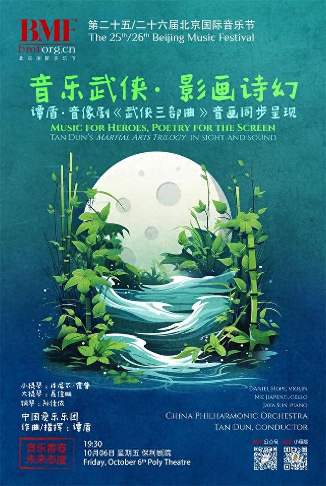 10月6日晚,著名作曲家、指挥家谭盾、小提琴大师丹尼尔·霍普、青年钢琴家孙佳依和大提琴家聂佳鹏共同带来谭盾《武侠三部曲》交响音乐会,勾勒出经典影片《卧虎藏龙》《夜宴》和《英雄》中荡气回肠的武侠哲学,引申出关于中国人文精神和传统哲理的丰富思考。
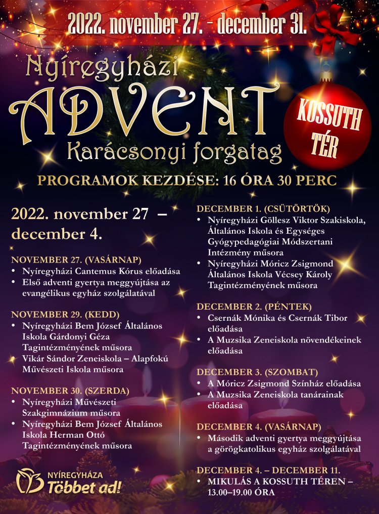 Közreműködik a Nyíregyházi Cantemus Kórus. A gyertyagyújtást követően a Túróczy Zoltán Evangélikus Óvoda és Magyar-Angol Két Tanítási Nyelvű Általános Iskola adventi műsorát tekinthetik meg az érdeklődők.
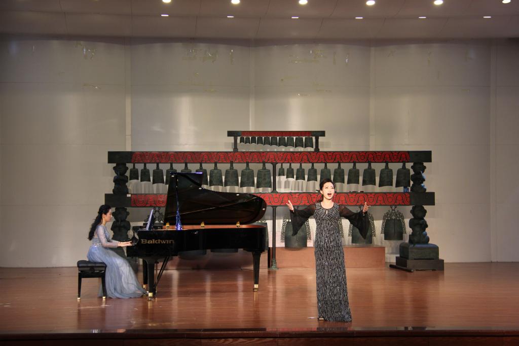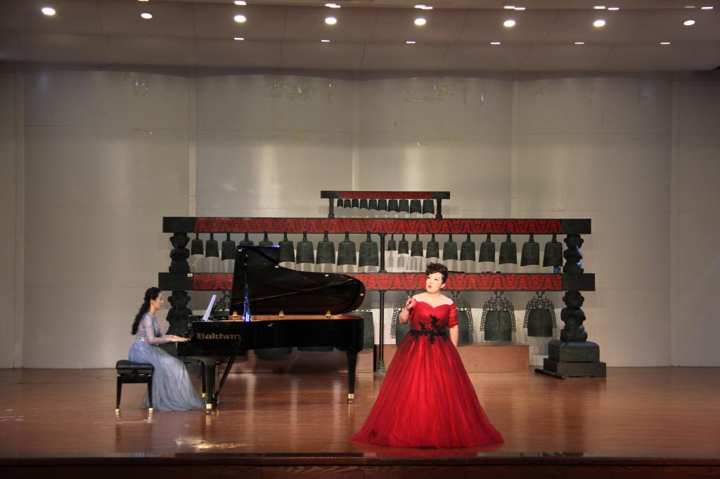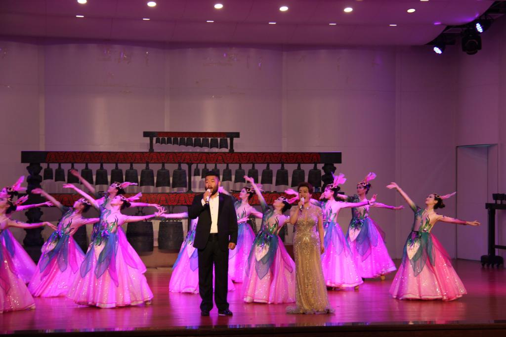 迎新音乐会在汤丽老师《敕勒歌》悠扬的歌声中拉开了帷幕,十五位声乐教师先后为同学们献上了《西部放歌》《沸腾激动的心灵》《父亲的草原母亲的河》《为艺术,为爱情》《耳边想起他的声音》《维莉亚之歌》等中外艺术名曲和歌剧选段,演唱曲目各具特色,时而轻柔舒缓、时而高亢激昂。老师们运用独特的声音品质、饱满的演唱激情,力求将美妙动听的声音和最赋表情达意的肢体语言传递给在场的每一位观众。李翔编排的舞蹈《水之灵》歌舞交融,使现场观众报以经久不息的掌声,最后音乐会在毕林子编舞、刘文宗和刘永娇演唱的歌伴舞节目《再一次出发》的歌声中落下帷幕。
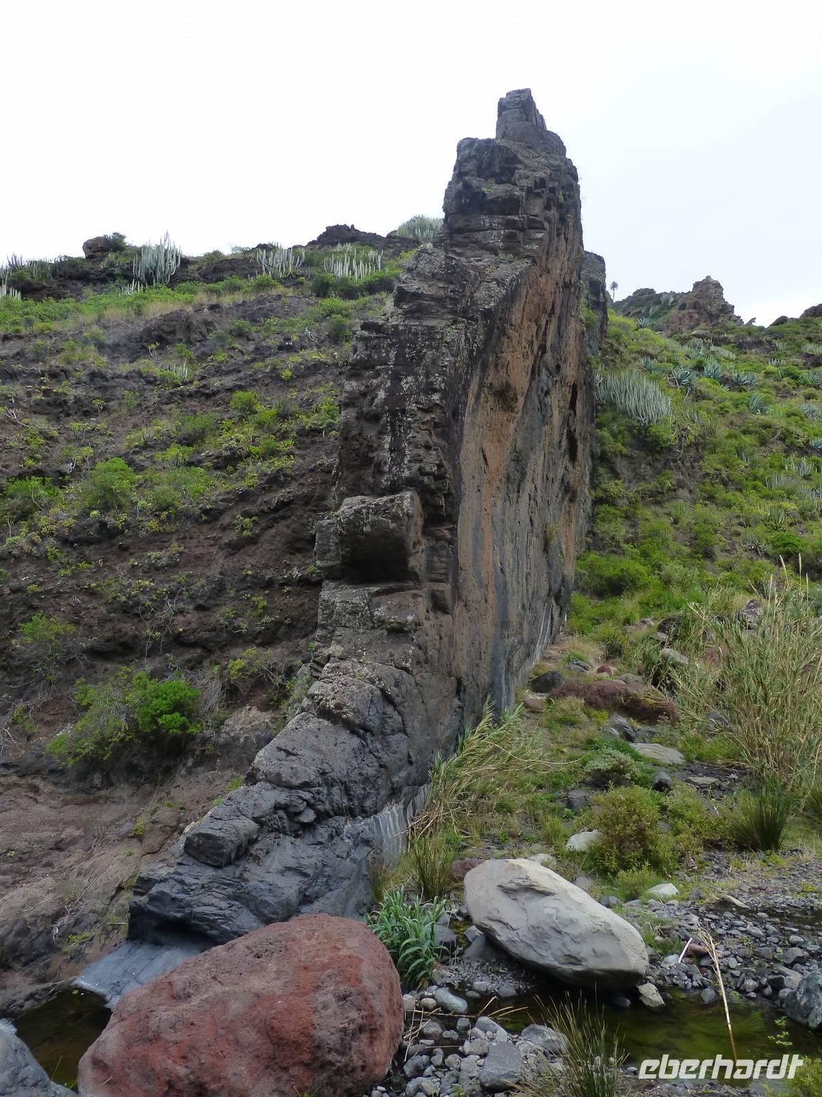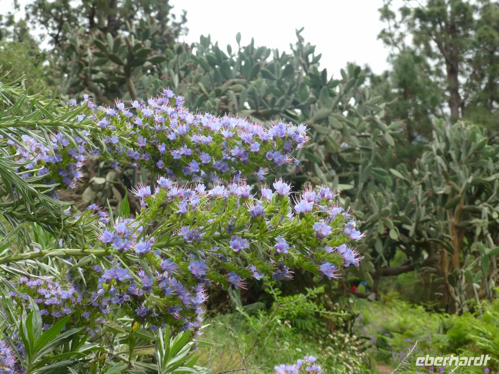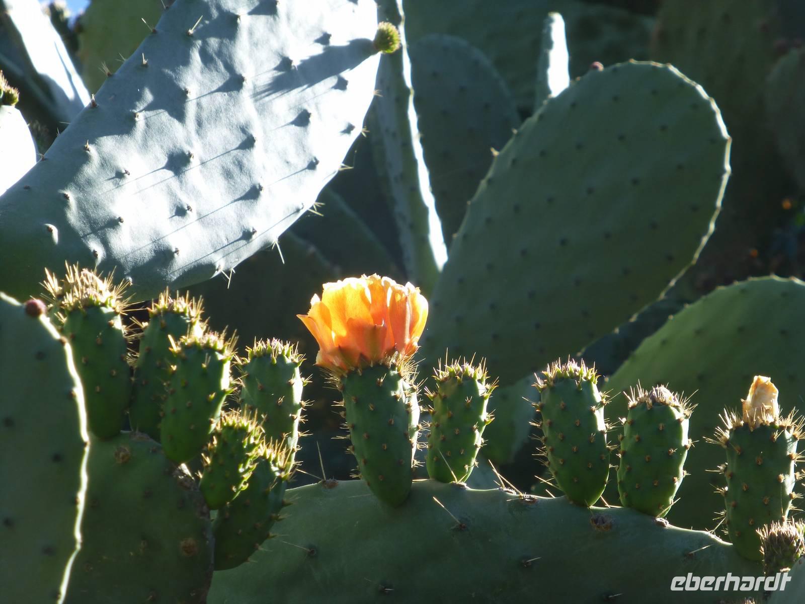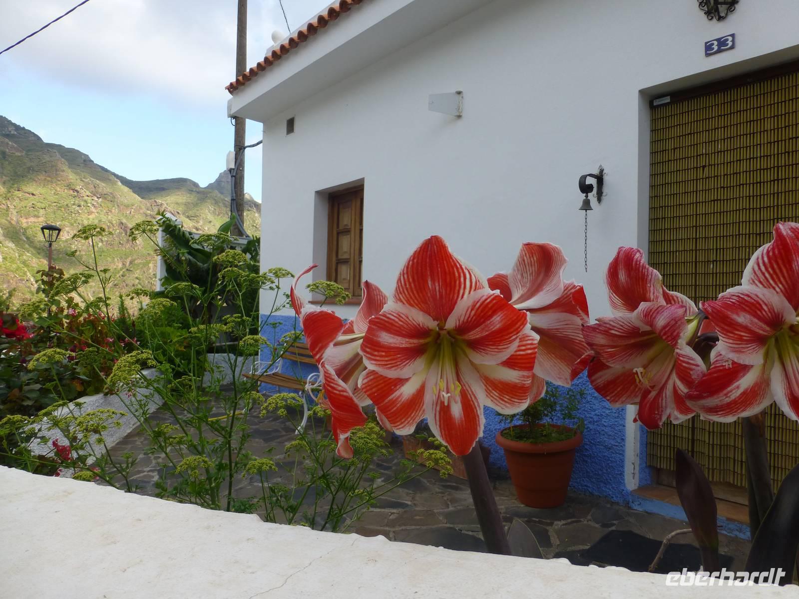 Heute wollen wir nun die landschaftlichen Reize der größten Kanaren-Insel kennenlernen. Mit dem Bus fahren wir zunächst die Küstenstraße entlang, um dann in das „versteckte" Bergdorf Masca zu gelangen. Hier beginnt unsere Wanderung hinab durch die berühmte Schlucht. Zugegeben, ganz so „versteckt" ist das Dörfchen heutzutage nicht mehr, denn neben uns sind noch einige Wanderer unterwegs. Unser örtlicher Wanderführer Othmar zeigt uns viele Pflanzen am Wegesrand: neben der „Wunderblume" lernen wir beispielsweise auch die endemische Kanarische Winde mit ihren weißen Blüten und die purpurrote Königsjuva-Wolfsmilch kennen. Fast den ganzen Weg begleiten uns die stacheligen Kaktusfeigen sowie verschiedene Dickblattgewächse. Besonders eindrucksvoll sind die steil aufragenden Felswände in der engen Schlucht. Das bizarre Vulkangestein ist mit Adern aus erstarrter Lava durchzogen und zwischen den Gesteinslagen zeichnen sich braune Ascheschichten ab. Der Weg führt über felsigen Untergrund und zum Teil über große Felsblöcke, so dass die Wanderstöcke eine gute Hilfe sind. Am späten Nachmittag erreichen wir schließlich den Ausgang der Schlucht am Meer, wo sich ein kurzes Bad zur Erfrischung anbietet. Schon bald „entern" wir das Boot, das uns vorbei an den fast 500 Meter hohen Felswänden von „Los Gigantes" zum Hafen bringt. Dieser Küstenabschnitt beschreibt mit ca. 12 Kilometern die längste Steilküste Europas!

________

● **Task statement**
Skip the pictures, then retype every line above exactly.

● **Reply to the exercise**
 10月6日晚,著名作曲家、指挥家谭盾、小提琴大师丹尼尔·霍普、青年钢琴家孙佳依和大提琴家聂佳鹏共同带来谭盾《武侠三部曲》交响音乐会,勾勒出经典影片《卧虎藏龙》《夜宴》和《英雄》中荡气回肠的武侠哲学,引申出关于中国人文精神和传统哲理的丰富思考。
 Közreműködik a Nyíregyházi Cantemus Kórus. A gyertyagyújtást követően a Túróczy Zoltán Evangélikus Óvoda és Magyar-Angol Két Tanítási Nyelvű Általános Iskola adventi műsorát tekinthetik meg az érdeklődők.
 迎新音乐会在汤丽老师《敕勒歌》悠扬的歌声中拉开了帷幕,十五位声乐教师先后为同学们献上了《西部放歌》《沸腾激动的心灵》《父亲的草原母亲的河》《为艺术,为爱情》《耳边想起他的声音》《维莉亚之歌》等中外艺术名曲和歌剧选段,演唱曲目各具特色,时而轻柔舒缓、时而高亢激昂。老师们运用独特的声音品质、饱满的演唱激情,力求将美妙动听的声音和最赋表情达意的肢体语言传递给在场的每一位观众。李翔编排的舞蹈《水之灵》歌舞交融,使现场观众报以经久不息的掌声,最后音乐会在毕林子编舞、刘文宗和刘永娇演唱的歌伴舞节目《再一次出发》的歌声中落下帷幕。
 Heute wollen wir nun die landschaftlichen Reize der größten Kanaren-Insel kennenlernen. Mit dem Bus fahren wir zunächst die Küstenstraße entlang, um dann in das „versteckte" Bergdorf Masca zu gelangen. Hier beginnt unsere Wanderung hinab durch die berühmte Schlucht. Zugegeben, ganz so „versteckt" ist das Dörfchen heutzutage nicht mehr, denn neben uns sind noch einige Wanderer unterwegs. Unser örtlicher Wanderführer Othmar zeigt uns viele Pflanzen am Wegesrand: neben der „Wunderblume" lernen wir beispielsweise auch die endemische Kanarische Winde mit ihren weißen Blüten und die purpurrote Königsjuva-Wolfsmilch kennen. Fast den ganzen Weg begleiten uns die stacheligen Kaktusfeigen sowie verschiedene Dickblattgewächse. Besonders eindrucksvoll sind die steil aufragenden Felswände in der engen Schlucht. Das bizarre Vulkangestein ist mit Adern aus erstarrter Lava durchzogen und zwischen den Gesteinslagen zeichnen sich braune Ascheschichten ab. Der Weg führt über felsigen Untergrund und zum Teil über große Felsblöcke, so dass die Wanderstöcke eine gute Hilfe sind. Am späten Nachmittag erreichen wir schließlich den Ausgang der Schlucht am Meer, wo sich ein kurzes Bad zur Erfrischung anbietet. Schon bald „entern" wir das Boot, das uns vorbei an den fast 500 Meter hohen Felswänden von „Los Gigantes" zum Hafen bringt. Dieser Küstenabschnitt beschreibt mit ca. 12 Kilometern die längste Steilküste Europas!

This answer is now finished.